## Dataset content
★ ★ ★

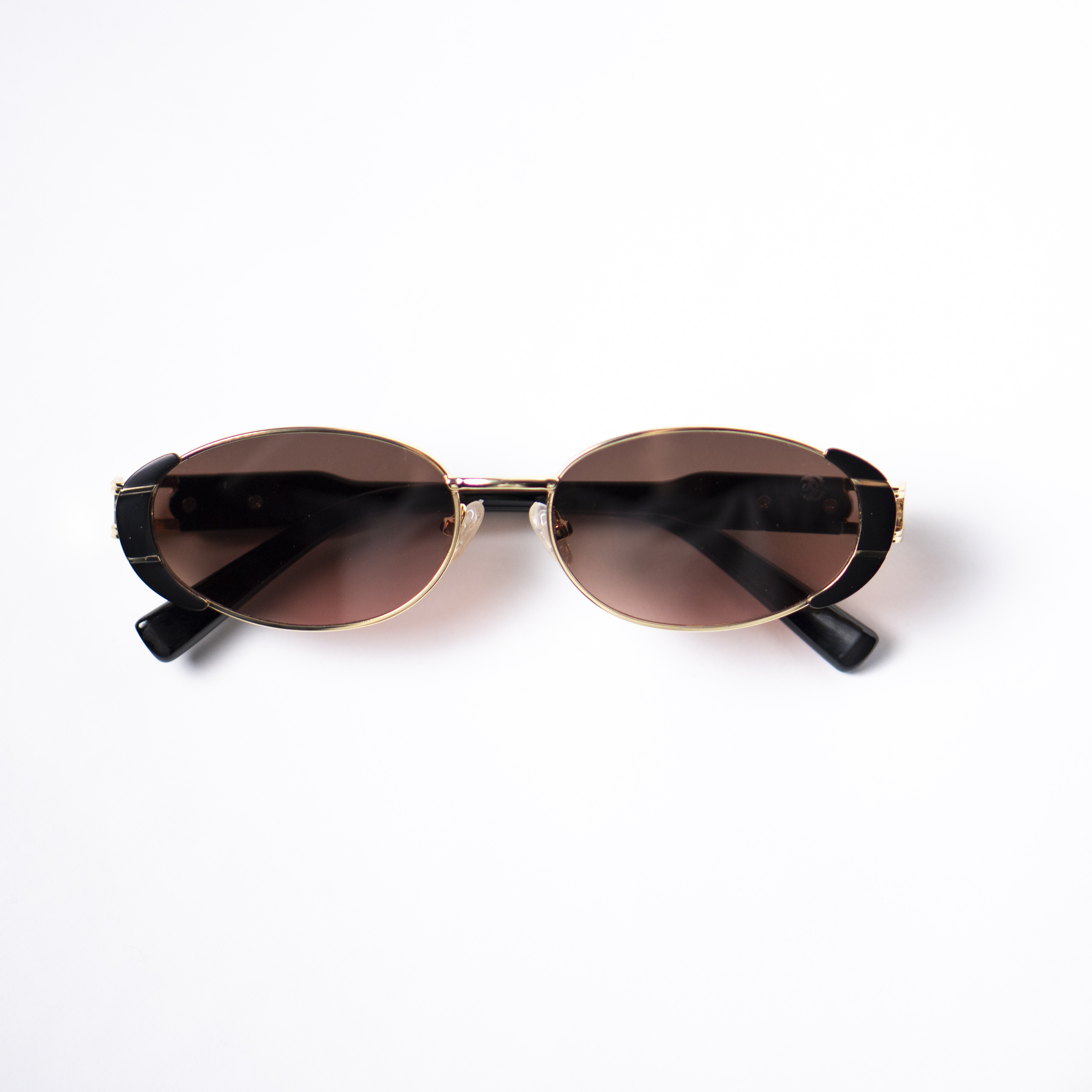 Óculos de sol com estrutura em metal dourdo, acabamento em acetato italiano preto e lentes marrons com proteção UV400. Acompanha case e flanela de limpeza.
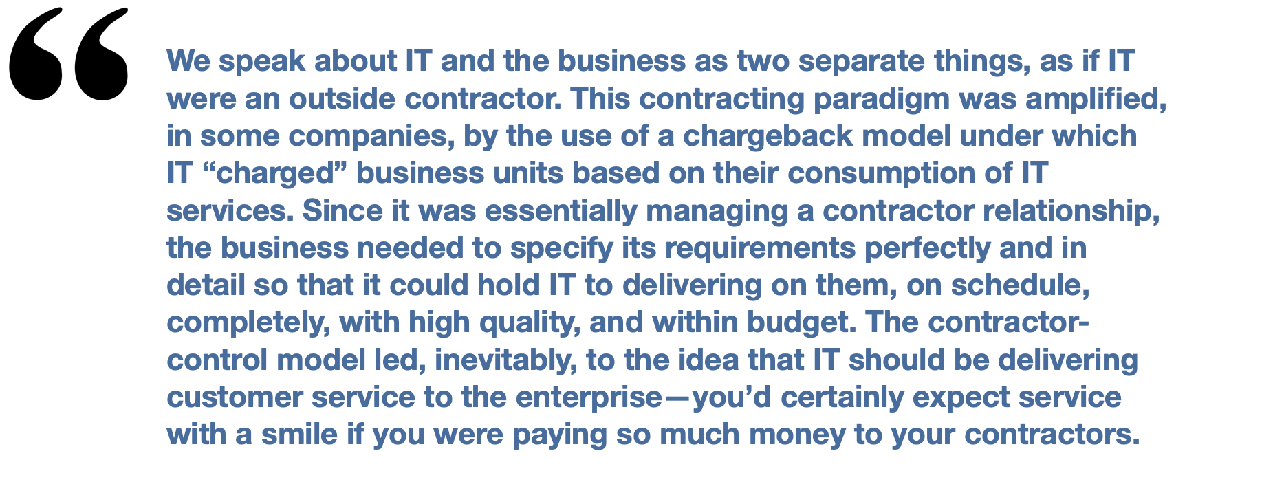 This quote from Mark Schwartz suggests that traditional IT Leadership is about delivering a service to a set of requirements – implicit or explicit – to a customer (the ‘business’) who holds IT to account and who are often dissatisfied with the result.
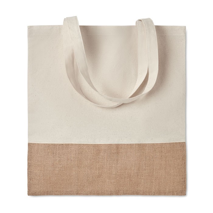 Einkaufstasche mit Besatz aus Jute. Lange Tragegriffe. Baumwolle 160 g/m². mehr
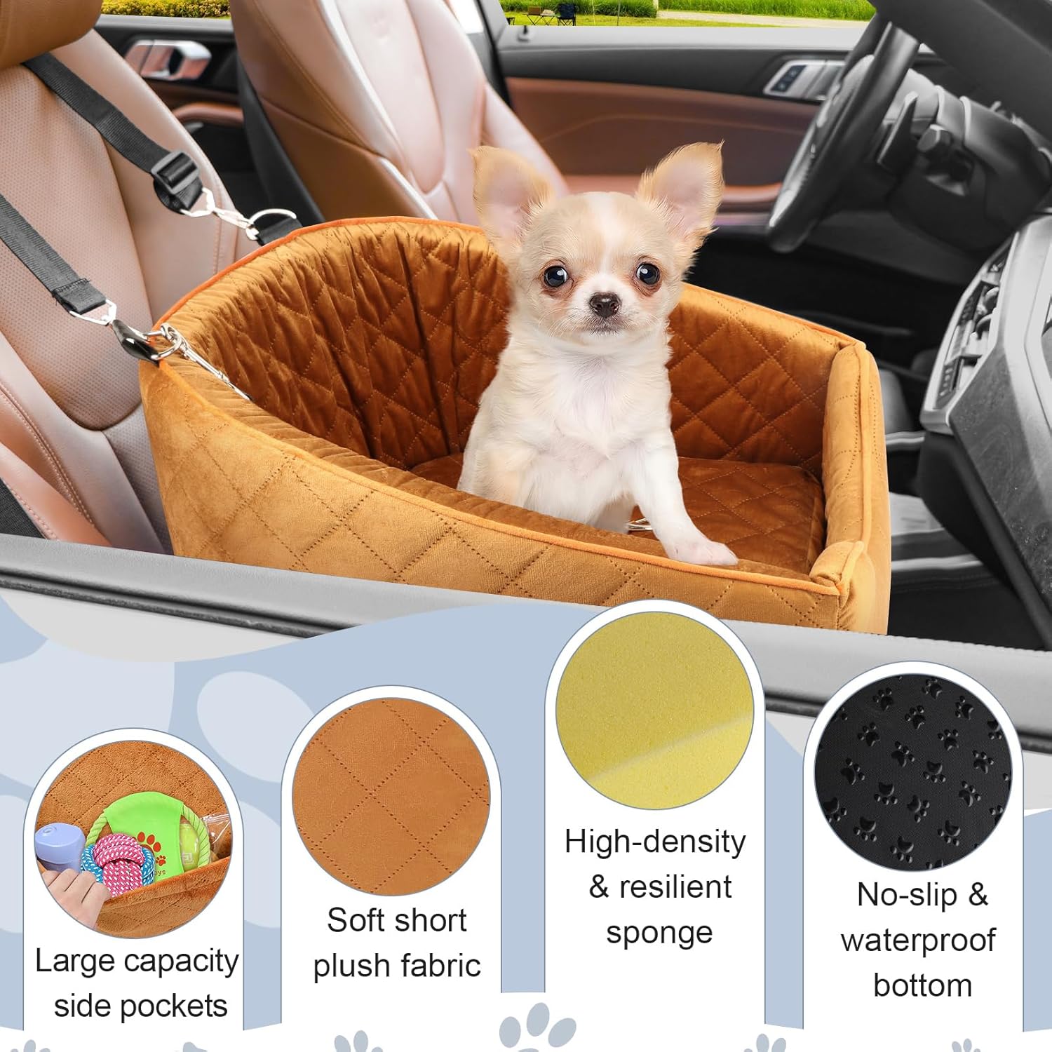 Dog Car Seat for Small Dogs, Memory Foam Booster Dog Seat for Dogs up to 35 lbs, Elevated Pet Car Seat with Washable Removable Cover, Storage Pockets

★ ★ ★

## Exercise requirements
Reproduce verbatim the opening line of the material and every line after it, up to and including the line with "Einkaufstasche mit Besatz", but no pictures.

## Output of the task
 Óculos de sol com estrutura em metal dourdo, acabamento em acetato italiano preto e lentes marrons com proteção UV400. Acompanha case e flanela de limpeza.
 This quote from Mark Schwartz suggests that traditional IT Leadership is about delivering a service to a set of requirements – implicit or explicit – to a customer (the ‘business’) who holds IT to account and who are often dissatisfied with the result.
 Einkaufstasche mit Besatz aus Jute. Lange Tragegriffe. Baumwolle 160 g/m². mehr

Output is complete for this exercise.